Thereafter, Smallman returned to the University of Birmingham as a lecturer in physical metallurgy, and oversaw the development of a highly successful metallurgical research team. In 1964, he was appointed Chair of Birmingham's Department of Physical Metallurgy, becoming the Head of the Department of Metallurgy and Materials in 1980. In 1985, Smallman oversaw the founding of an independent, research-focused Faculty of Engineering at Birmingham, and subsequently became the new faculty's Dean. ISmallman was elected a Fellow of the Royal Society (FRS) in 1986, and was elected a Fellow of the Royal Academy of Engineering in 1991.

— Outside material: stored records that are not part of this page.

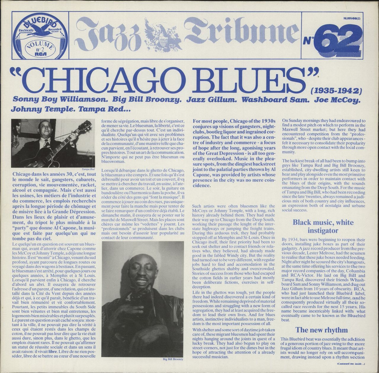VARIOUS Chicago Blues - 1935-1942 (1985 German 34-track double LP compilation, documenting some real-deal Blues from the midwest by the likes of Sonny Boy Williamson, Big Bill Broonzy, Tampa Red & Washboard Sam, gatefold picture sleeve with extensive notes in French & English. The sleeve shows minimal shelf wear & the vinyl appears near mint)
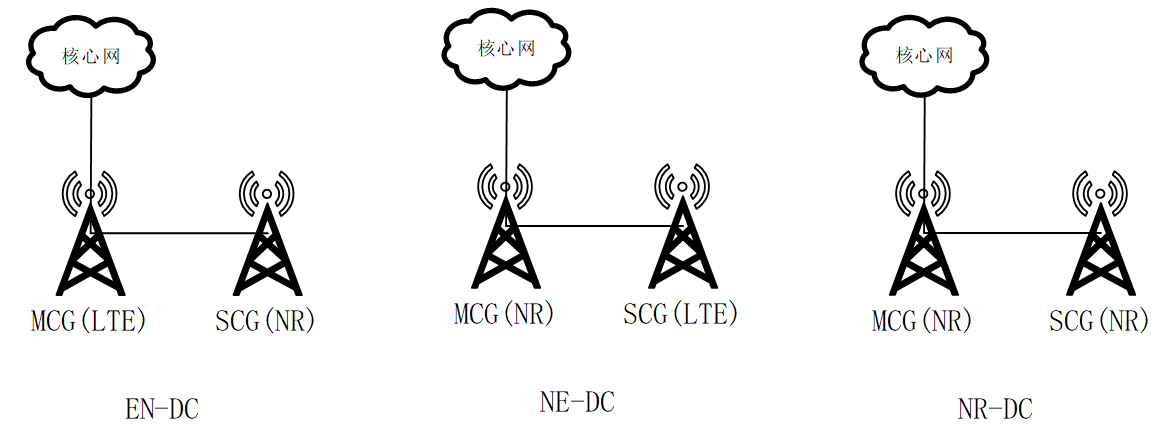在NR阶段,由于运营商的需求迥异,同时为了与最大程度的重用现有的LTE网络,NR定义了3中DC场景:EN-DC, NE-DC 和NR-DC。
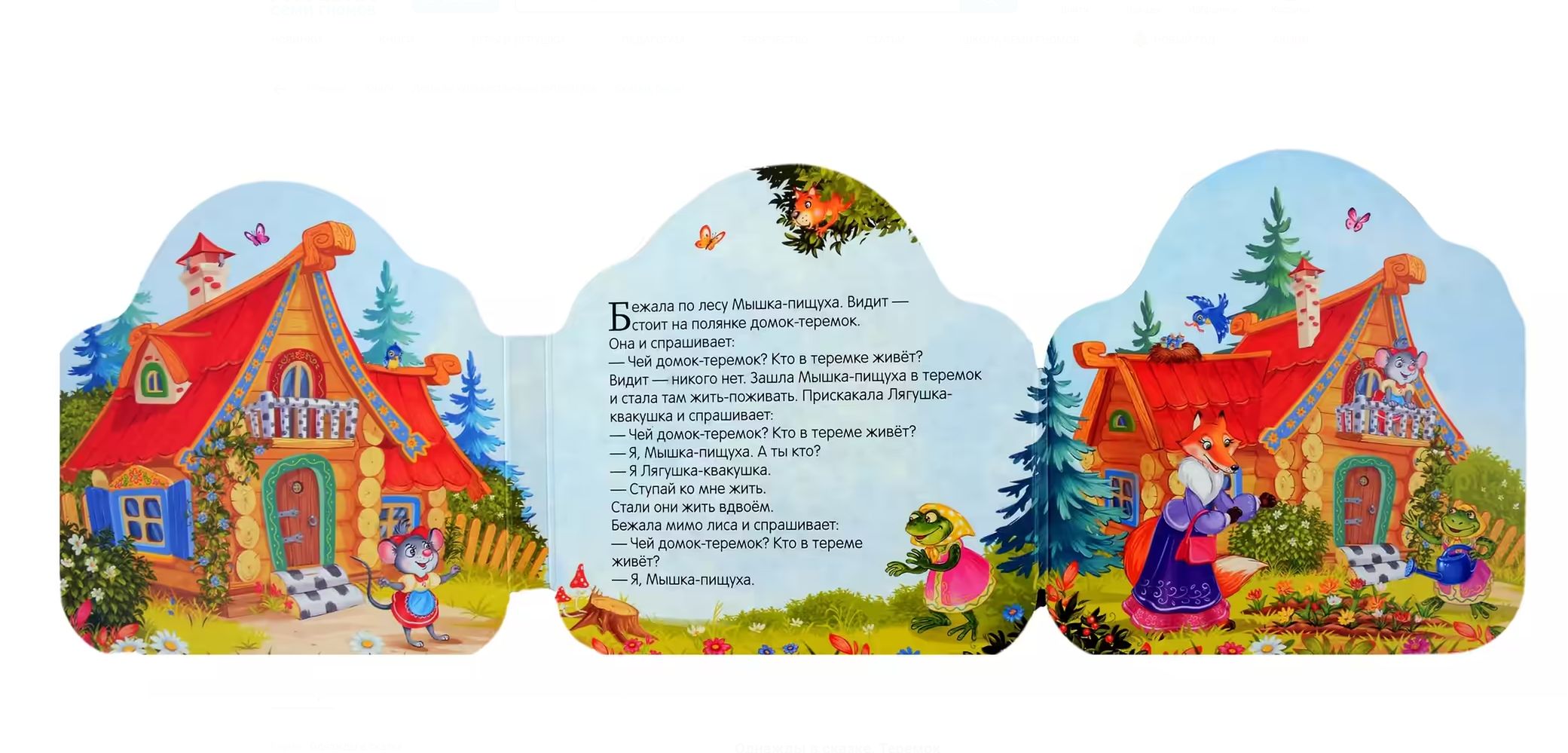 Серия двусторонних книжек-гармошек «Однажды в сказке» от торговой марки Malamalama — это любимые истории в удобном формате. Книжка-гармошка «Теремок» познакомит вашего малыша с одной из самых известных русских народных сказок про дружных зверей и их чудесный теремок. Книга сделана из плотного картона и очень удобна для детских пальчиков. На каждой страничке — красочные иллюстрации, погружающие в сказочный сюжет. Благодаря миниатюрному формату книгу легко хранить и брать с собой в дорогу или на прогулку.

In 1987, Smallman became the Vice-Principal of the university, a position he held until 1992. As Vice-Principal, he implemented numerous university-wide administrative and academic reforms, and helped to strengthen the university's links to industry and commerce. Smallman's reforms were credited with helping to raise Birmingham's national and international profile as a major research university. In his later years, Smallman was a visiting lecturer at numerous universities and scientific societies worldwide.

==Honours and awards==
- 1969: awarded Beilby Medal and Prize from the Royal Society of Chemistry
- 1992: appointed a Commander of the Order of the British Empire.

==Personal life==
Smallman married Doreen Faulkner in September 1952. They remained married for the rest of Smallman's life; she survived him, as did their two children.